▶ What the exercise asks: What you return should be only the lines starting at the one that contains "衣しょうを決めたら、ポーズも考えます。「はずかしがらずに、こんな感じで!」 - 【15.小道具づくりぁ" and running to the end of the listing, exactly as written, minus any pictures.
Entries provided Block Start
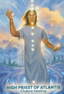 The Golden Era of Atlantis spanned 1,500 years and was a time of extraordinary spiritual energy. Atlanteans had 12 active chakras, rather than the seven chakras active in most people today. They used gifts of clear intuition, telepathy, sacred ritual and energy healing as a part of everyday life. The High Priest is an Atlantean Master of crystal, sound, color and chakra healing.
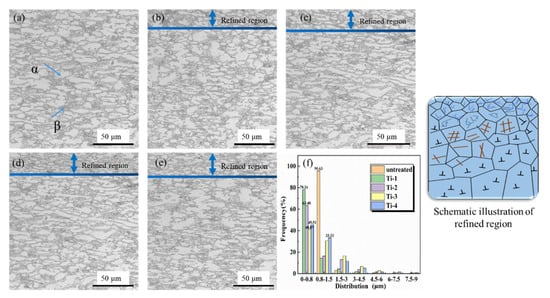 In Figure 6a, the black regions represent hexagonal close-packed (hcp) α phases. Near the boundaries, the white regions are body-centered cubic (bcc) β phases. Figure 6b–e indicate that, differing from the energy density, the thickness of the refined region is clearly different. The strengthening effect of Ti-2 and Ti-4 is better, for their thickness layers are thicker than Ti-1 and Ti-3. Hence, the power density of 3.69 GW/cm2 was sufficient for TC6. However, there is no phase transformation in LSP process. Besides, the dislocations began to grow and move along the boundaries during the LSP procedure so as to achieve the action of surface strengthening. The surface strengthening is realized by plastic deformations while the surface is impacted by a high-pressure shock wave. The grains have been refined in the surface. As Figure 6f indicates, the LSP has changed the grains distribution [], and the most profound effect was reflected in Ti-1 and Ti-2. Compared to the untreated specimen, the proportion of grain size α phases below 0.8 μm has reached 78% and 65%, respectively. For the β phases, which were needle-shaped, the grain size could not be calculated. Under the condition of 6 J pulse energy, the fine refinement was about 40%. Similarly, the proportion after two impacts becomes 45% approximately, which is 44% lower than that of Ti-2. This result shows that the LSP has changed the microstructures of TC6. The distribution of the impact area gradually increases with the power density. Nevertheless, the increase of power density and impact number are close to saturation. The fine grains produced by plastic deformation will have a large number of grain boundaries, which will hinder deformation and lead to work hardening. When the dislocations reached a certain value, the high-density dislocations can also cause work hardening like grain boundaries. The work hardening has prevented the surface strengthening from deforming like Ti-3 and Ti-4, as shown in Figure 6d,e. Overall, the microstructures of TC6 could be well controlled via reasonable regulation of LSP to improve the fatigue performance effectively.
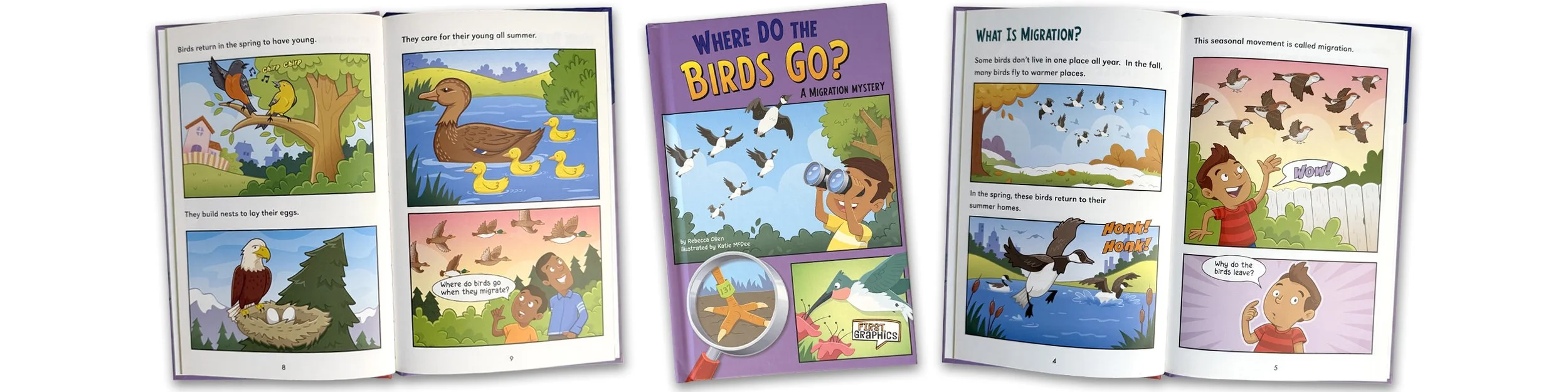 A children’s graphic novel explaining why birds migrate. Covering topics such as seasonal changes, finding food and traveling to warmer climates. Part of the “First Graphics: Science Mysteries” series.
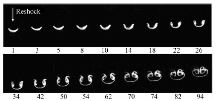 | 图 4 反射激波作用后氩气柱界面的演化。第一帧是反射激波到达时的界面形态,入射激波从下往上运动,Δt=28.6 μs Fig. 4 Evolution of an argon gas cylinder accelerated by the reshock. The first frame is the initial interface for the reshock and the incident shock wave moves from the bottom to the top,Δt=28.6 μs |
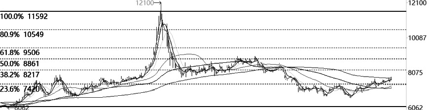 2021年10月,錳硅期貨創出上市以來12100元/噸的高點之后大幅回落,直至跌至黃金分割0.382對應的8220元/噸的支撐位才止跌企穩。之后,錳硅期貨經歷了一段時間的窄幅振蕩后再次下挫,價格臨近前期6700元/噸的低點才逐步止跌反彈。目前,硅錳期貨價格呈現震蕩上行的走勢。錳硅期貨均線系統呈現多頭排列,顯示整體漲勢保持良好。MACD指標、KDJ指標、RSI指標反復交織出現了鈍化,并且MACD指標出現了較為明顯的頂背離的跡象。錳硅期貨主力SM2305合約的上漲伴隨著增倉放量,整體上漲動能不斷積聚,價格有望繼續上行。錳硅期貨呈現震蕩上行的走勢,并且上漲有量倉配合,整體偏強的格局不變。需要注意的是,錳硅期貨也出現了指標頂背離的情況,不排除短期價格下挫修復指標。(新疆果業 黃李強)
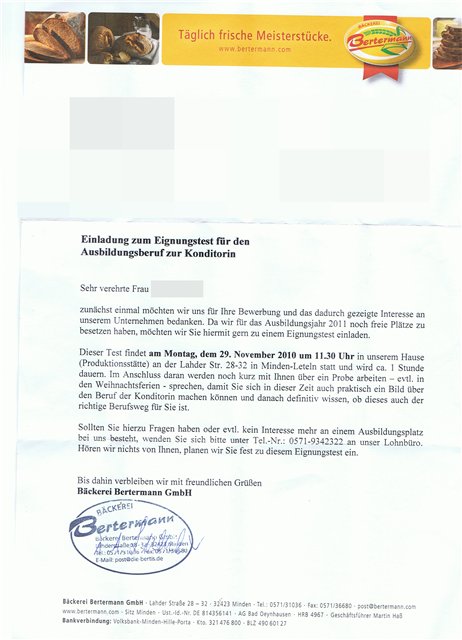 Люди!Человеки!Для меня это мега-важно.Коротко о ситуации.Я ищу аусбильдунг.И вот,наконец то мне пришло приглашение на проф.пригодность-Einladung zum Eignungstest für den Ausbildungsberuf zur Konditorin.
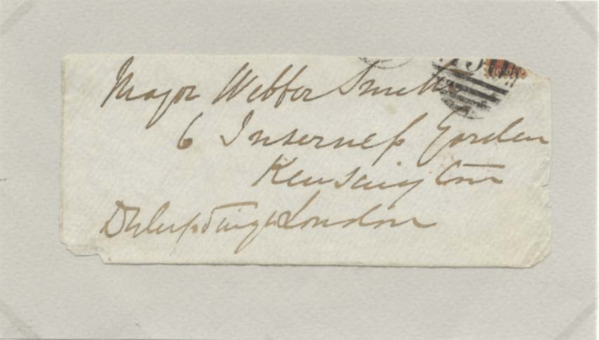 Autograph envelope clipping signed, about 4,75 x 2 inch - affixed on a slightly larger card, London, "Major Webber Smith - [...] Kensington", written and signed in black ink "Duleep Singh - London", attractively mounted (removable) for fine display with picture, shows Duleep Singh in a 2/3 length pose (altogether 8,25 x 11,75 inch), with irregularly trimmed edges, and mild soiling - in fine to good condition.
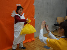 衣しょうを決めたら、ポーズも考えます。「はずかしがらずに、こんな感じで!」 - 【15.小道具づくりぁ
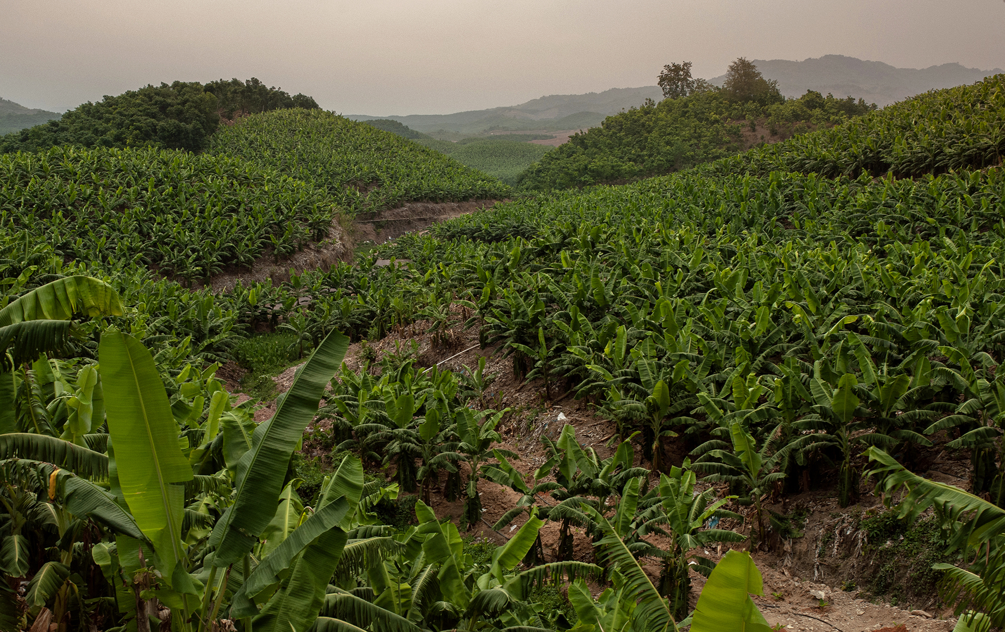 Chinese banana plantations first started cropping up about six years ago in Bokeo province, northern Laos, which borders Thailand and Myanmar. Nowadays they cover more than 11,000 hectares, provide US$100 million in annual exports, and make up 95% of Bokeo’s exports, according to a 2017 report by Plan International.
Entries provided Block End
▶ Exercise response:
 衣しょうを決めたら、ポーズも考えます。「はずかしがらずに、こんな感じで!」 - 【15.小道具づくりぁ
 Chinese banana plantations first started cropping up about six years ago in Bokeo province, northern Laos, which borders Thailand and Myanmar. Nowadays they cover more than 11,000 hectares, provide US$100 million in annual exports, and make up 95% of Bokeo’s exports, according to a 2017 report by Plan International.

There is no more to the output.